У этой боли был свой цвет. И Михеев ощутил и увидел его в себе, как никогда до этого ясно: металлический, хромированно-глянцевый… Будто кто-то куснул, защемляя живую, чуткую плоть блестящим пинцетом, и — потянул, потянул, потянул…
Михеев даже пригнулся, вжал голову в плечи. Осторожно ступая, отошел к краю тротуара. Дверь проводила его простуженным, носовым всхлипом.
Стараясь не морщить лицо, он осторожно приподнял и поставил портфель на крашеную трубу уличного ограждения. Замер, вслушиваясь в боль и медленно всасывая сквозь стиснутые зубы подмороженный, сладковатый от бензина, мартовский воздух Москвы.

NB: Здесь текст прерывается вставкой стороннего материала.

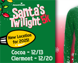 ✨ Dash into holiday magic at the AdventHealth Santa’s Twilight 5K! ✨Kick off the holidays with a sparkling night run through the heart of the Space Coast beginning near Historic Cocoa Village at the Catherine Schweinsberg Rood Central Library. The course is out and back along Indian River Drive and packed with festive cheer — sprint through a dazzling LED light tunnel at the start and finish, enjoy the twinkling holiday lights along the Cocoa Riverfront and get lifted by the energy of our merry Holiday Cheer Zones. Every participant will unwrap a bundle of holiday goodies: a long-sleeved race shirt, a holiday-themed finisher medal, glowing necklaces to light your way, free race photos, and sweet treats at the finish line — holiday cookies and hot chocolate!Wear your best holiday outfit — from Santa hats to reindeer antlers — because we’ll have costume contests and prizes for the most festive runners. Gather your family and friends, and let’s make this a holiday tradition to remember! 🎅🎁🎄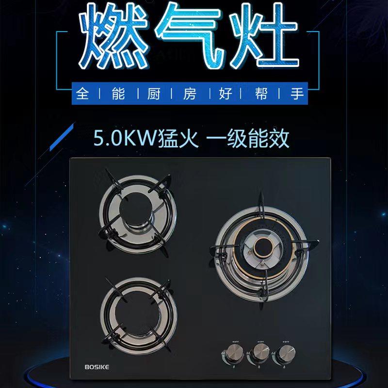 博斯克三眼燃气灶家用多头煤气灶台式嵌入式天然气欧式方型猛火灶

Вдохнуть полно и сильно, как ему сейчас очень хотелось, мешал этот чертов пинцет, и Михеев, подчиняясь боли, сосал и сосал воздух сквозь зубы. Во рту стало холодно. Язык замерз. Слабый озноб пушисто потрогал спину. Пинцет разжимался нехотя, но вроде бы разжимался, и постепенно боль отступила.
Все еще не доверяя высвобождению, Михеев приоткрыл рот и потихоньку попытался наполнить всю грудь. Получилось… Тогда с облегчением и радостью он задышал глубоко и часто, посматривая по сторонам: не было ли кроме него сейчас здесь еще свидетелей этой негаданной его немощи… Усмехнулся: да кому ж до него какое тут дело…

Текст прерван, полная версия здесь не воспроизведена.